In this tutorial, you have learned What is Text Analytics, NLP, and text mining?, Basics of text analytics operations using NLTK such as Tokenization, Normalization, Stemming, Lemmatization, and POS tagging.

I look forward to hearing any feedback or questions. you can ask the question by leaving a comment and I will try my best to answer it.

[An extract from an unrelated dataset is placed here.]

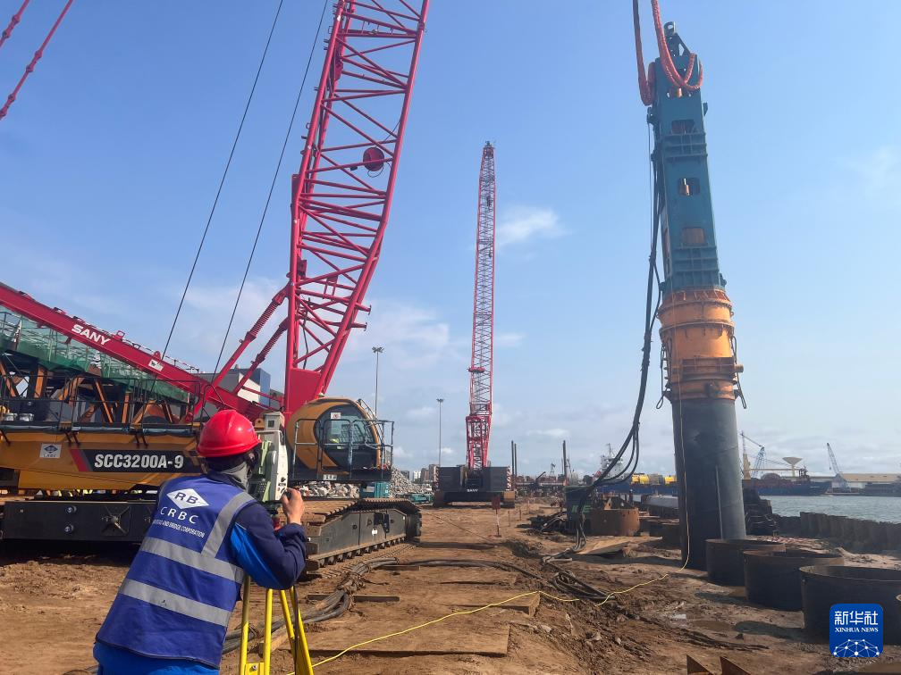 10月,在刚果(布)西部的黑角港,打桩机和正在疏浚作业的船舶发出阵阵轰鸣。由中国路桥工程有限责任公司承建的黑角港东部码头扩建项目正在施工中。

Originally published athttps://www.datacamp.com/community/tutorials/text-analytics-beginners-nltk

Text Analytics for Beginners using Python NLTK – Machine Learning Geek (2024)

References

Top Articles
2024 July InMaricopa Magazine
Extreme Points of Land
Netr Aerial Viewer
Libiyi Sawsharpener
Lifewitceee
30 Insanely Useful Websites You Probably Don't Know About
Eric Rohan Justin Obituary
Practical Magic 123Movies
The Realcaca Girl Leaked
877-668-5260 | 18776685260 - Robocaller Warning!
27 Places With The Absolute Best Pizza In NYC
Xrarse
Xm Tennis Channel
3656 Curlew St
Transformers Movie Wiki
The Binding of Isaac
Oppenheimer Showtimes Near Cinemark Denton
Luna Lola: The Moon Wolf book by Park Kara
I Wanna Dance with Somebody : séances à Paris et en Île-de-France - L'Officiel des spectacles
180 Best Persuasive Essay Topics Ideas For Students in 2024
Mail.zsthost Change Password
Moviesda3.Com
Images of CGC-graded Comic Books Now Available Using the CGC Certification Verification Tool
Fdny Business
bode - Bode frequency response of dynamic system
Busted Newspaper Fauquier County Va
Kashchey Vodka
Brbl Barber Shop
Inbanithi Age
Sand Dollar Restaurant Anna Maria Island
Truck from Finland, used truck for sale from Finland
Encore Atlanta Cheer Competition
Penn State Service Management
Meowiarty Puzzle
Courtney Roberson Rob Dyrdek
Used Safari Condo Alto R1723 For Sale
Chapaeva Age
Play 1v1 LOL 66 EZ → UNBLOCKED on 66games.io
B.k. Miller Chitterlings
Cherry Spa Madison
Gold Dipping Vat Terraria
Keir Starmer looks to Italy on how to stop migrant boats
Lacy Soto Mechanic
Achieving and Maintaining 10% Body Fat
Courses In Touch
Pike County Buy Sale And Trade
Maplestar Kemono
Pas Bcbs Prefix
Lightfoot 247
Barber Gym Quantico Hours
Game Akin To Bingo Nyt
7 Sites to Identify the Owner of a Phone Number
Latest Posts
Article information

Author: Foster Heidenreich CPA

Last Updated:

Views: 5991

Rating: 4.6 / 5 (56 voted)

Reviews: 95% of readers found this page helpful

Author information

Name: Foster Heidenreich CPA

Birthday: 1995-01-14

Address: 55021 Usha Garden, North Larisa, DE 19209

Phone: +6812240846623

Job: Corporate Healthcare Strategist

Hobby: Singing, Listening to music, Rafting, LARPing, Gardening, Quilting, Rappelling

Introduction: My name is Foster Heidenreich CPA, I am a delightful, quaint, glorious, quaint, faithful, enchanting, fine person who loves writing and wants to share my knowledge and understanding with you.